Allora le domande che dobbiamo porci sono diverse rispetto ad un recente passato: è davvero necessario crescere di numero per far crescere l’economia mondiale? È così impossibile prevedere un altro modello di crescita? L’emigrazione dai Paesi più poveri e disagiati è davvero la nuova via per la crescita?
Ci sono paesi che sono cresciuti in forza dell’emigrazione, vedi USA. Nei cosiddetti Paesi “con economie avanzate” (Europa, Nord America, Australia, Giappone, Nuova Zelanda), l’Onu stima che su 100 residenti, 12 siano migranti internazionali. Mentre nei paesi connotati da sistemi economici meno avanzati la cifra scende a 2 su 100. Dati al netto dei rifugiati e dei richiedenti asilo, aumentati in maniera progressiva negli ultimi tempi.
Una sfida o una risorsa? Le migrazioni internazionali sono sempre state alla base del popolamento dei vari continenti e continuano a essere un fattore significativo nello sviluppo demografico ed economico dei vari Paesi, ma continuano anche a suscitare forme di diffidenza e di conflitto. Gli stati o i governanti hanno sempre cercato di incanalare e controllare i movimenti migratori sia individuali sia collettivi fin dall’antichità, con risultati molto diversificati. Dopo la Seconda guerra mondiale le aziende occidentali hanno reclutato in massa lavoratori stranieri per sostenere il boom economico, fino all’arresto dei flussi in Europa negli anni Settanta a causa della crisi economica.
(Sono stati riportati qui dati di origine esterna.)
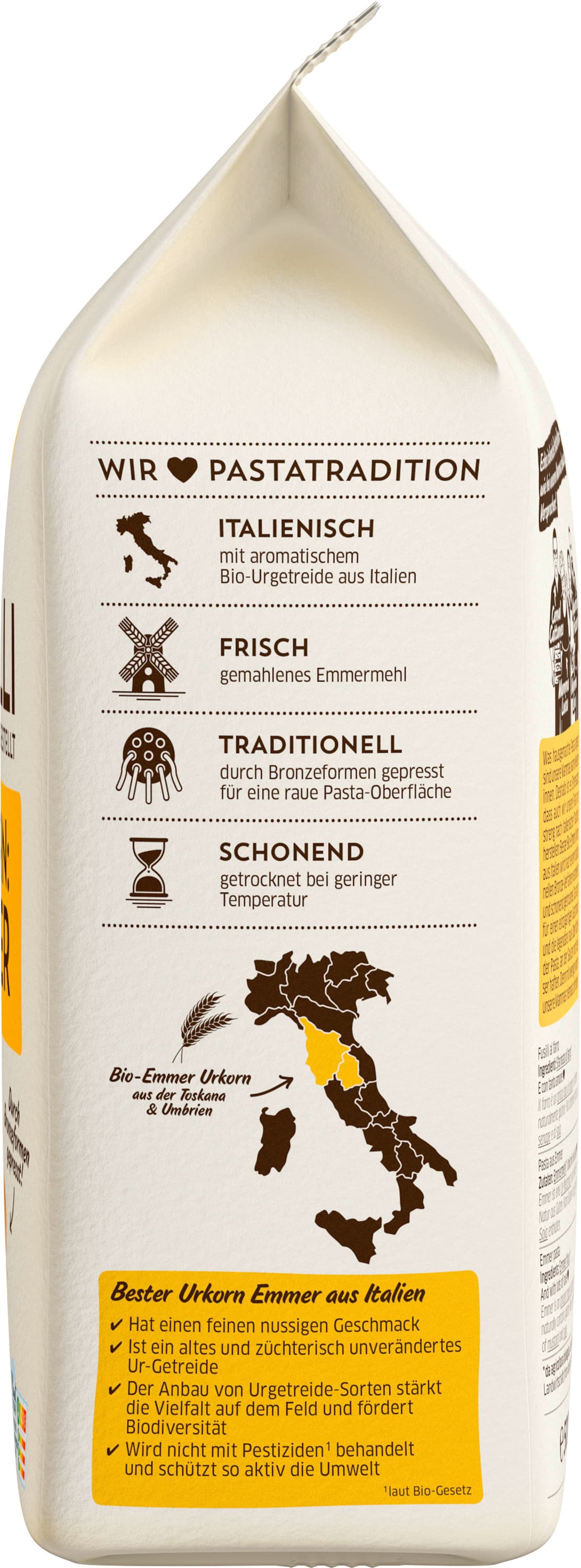 Die weltweit erste klimapositive Pasta! Hergestellt mit aromatischem Bio Urkorn Emmer aus der Toskana&Umbrien und traditionell durch Bronzeformen gepresst. Emmer ist eines der ältesten Getreidesorten der Welt, hat einen feinen nussigen Geschmack und stärkt die biologische Vielfalt.

Dagli anni Novanta l’immigrazione è ripresa prima in Germania, poi nel Regno Unito e nell’Europa meridionale. Dopo il 1989 l’Europa occidentale è stata segnata da intensi movimenti migratori partiti dall’ex blocco comunista, in particolare da Polonia, Romania, Albania, Ucraina e paesi dell’ex Iugoslavia. Adesso i flussi vengono dall’Africa e dai Paesi in guerra. Che sono tantissimi.
Forse è anche per questo che in Europa cresce l’ansia nei confronti degli immigrati e fioriscono i partiti che pongono al centro della propria piattaforma politica la lotta all’immigrazione, sia legale che irregolare. L’immigrazione pone infatti così tanti problemi (accoglienza, integrazione, multiculturalismo) che i risultati in termini di crescita diventano ininfluenti, o addirittura inesistenti.
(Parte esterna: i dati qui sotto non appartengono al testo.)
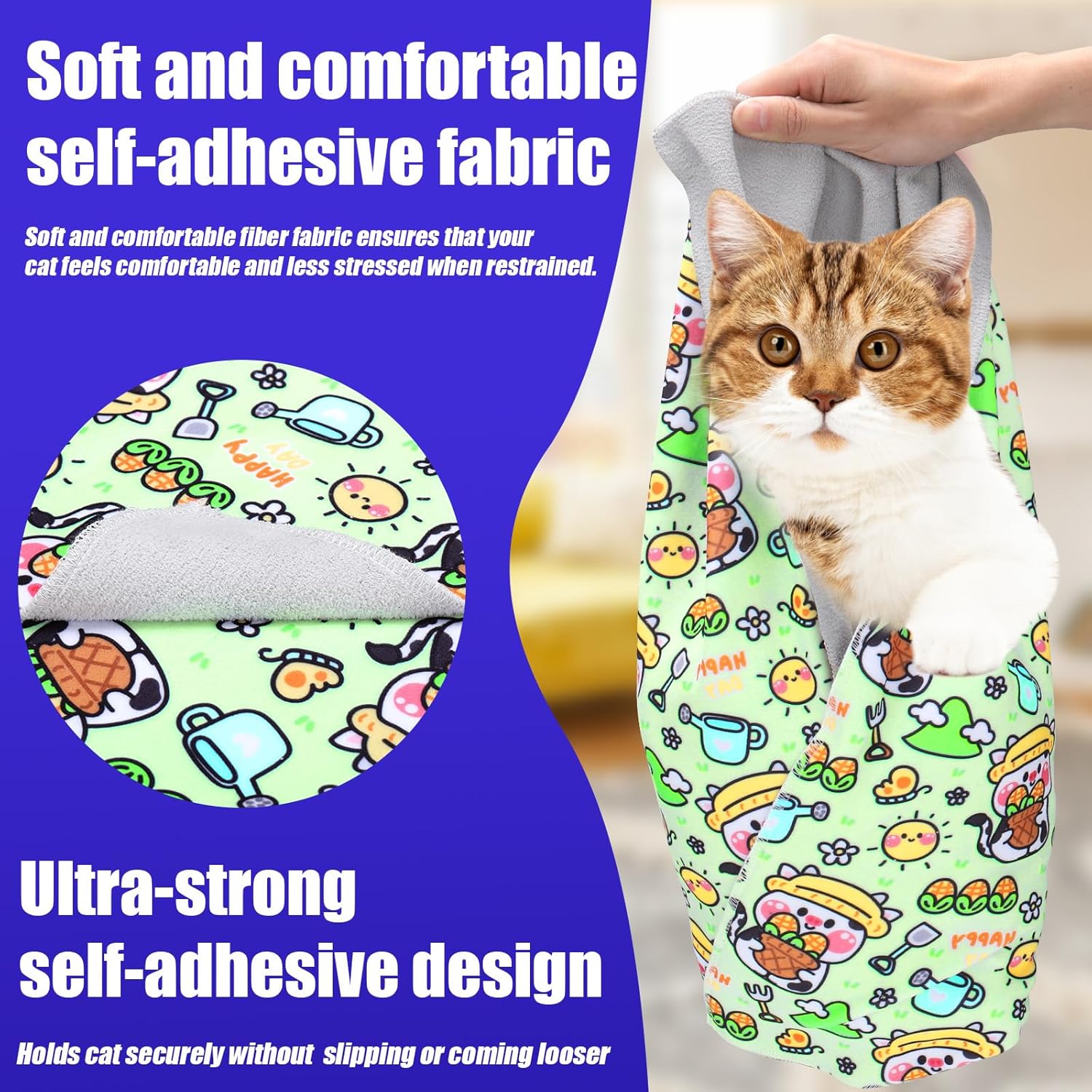 - STURDY & DURABILITY, NOT EASY TO FALL OFF: The cat wrap for cutting nails is made of self-adhesive polymer material, the new high-quality self-adhesive design can be tightly adhered to the cat's body to prevent the cat from breaking free, the fine fiber material is not easy to be bitten and scratched, and it is stronger and more durability compared to other cat bags and kitty pouches.

Tornando al tema della natalità, se le donne non fanno più figli e non hanno voglia di farli, difficilmente le si potrà convincere del contrario. Donne e uomini. Perché non è solo una questione di soldi, di bonus, di permessi lavorativi, di asili nido, o di nonni. È cambiata la mentalità e questo sta cambiando profondamente la società. Così come è cambiato il mulino bianco.